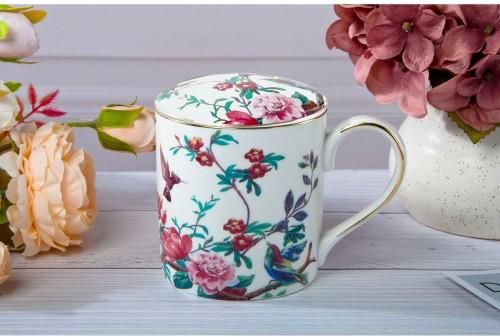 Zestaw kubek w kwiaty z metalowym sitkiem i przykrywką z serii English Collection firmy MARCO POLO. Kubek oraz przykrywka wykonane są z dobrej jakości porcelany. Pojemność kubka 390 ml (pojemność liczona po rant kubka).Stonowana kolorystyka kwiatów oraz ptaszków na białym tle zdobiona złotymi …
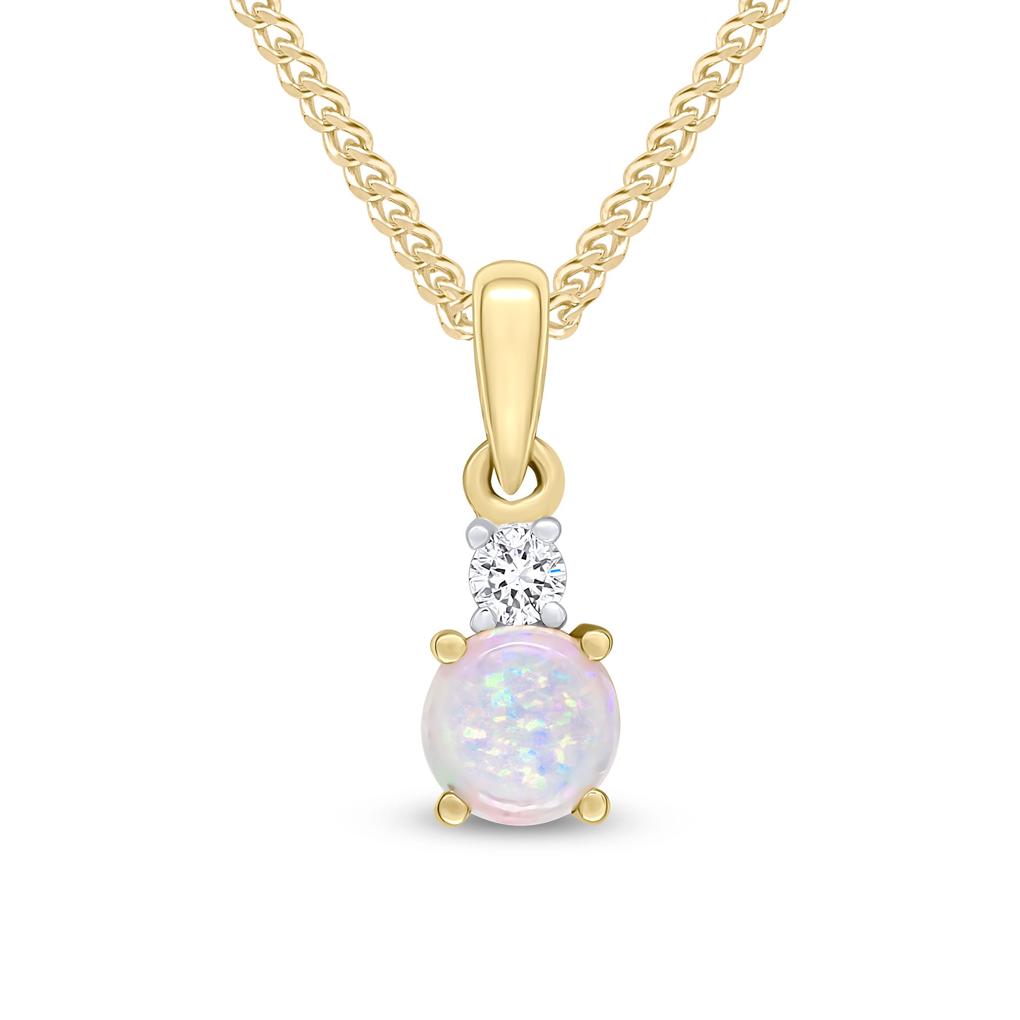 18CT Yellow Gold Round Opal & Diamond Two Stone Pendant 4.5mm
--
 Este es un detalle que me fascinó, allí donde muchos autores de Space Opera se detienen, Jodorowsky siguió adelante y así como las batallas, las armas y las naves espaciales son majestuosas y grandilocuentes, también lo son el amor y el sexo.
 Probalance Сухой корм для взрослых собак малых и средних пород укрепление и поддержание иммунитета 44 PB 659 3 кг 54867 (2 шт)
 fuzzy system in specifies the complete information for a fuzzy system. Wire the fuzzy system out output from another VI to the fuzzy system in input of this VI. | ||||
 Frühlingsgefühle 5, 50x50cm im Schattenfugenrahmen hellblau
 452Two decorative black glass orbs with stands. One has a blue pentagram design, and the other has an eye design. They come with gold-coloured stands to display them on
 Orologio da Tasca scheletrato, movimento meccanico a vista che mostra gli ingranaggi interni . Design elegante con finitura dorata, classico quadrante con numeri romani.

### Exercise prompt
For the entries above, print exactly the lines between the one with "Zestaw kubek w" and the one with "18CT Yellow Gold", inclusive, with no pictures.

### Solution to the exercise
 Zestaw kubek w kwiaty z metalowym sitkiem i przykrywką z serii English Collection firmy MARCO POLO. Kubek oraz przykrywka wykonane są z dobrej jakości porcelany. Pojemność kubka 390 ml (pojemność liczona po rant kubka).Stonowana kolorystyka kwiatów oraz ptaszków na białym tle zdobiona złotymi …
 18CT Yellow Gold Round Opal & Diamond Two Stone Pendant 4.5mm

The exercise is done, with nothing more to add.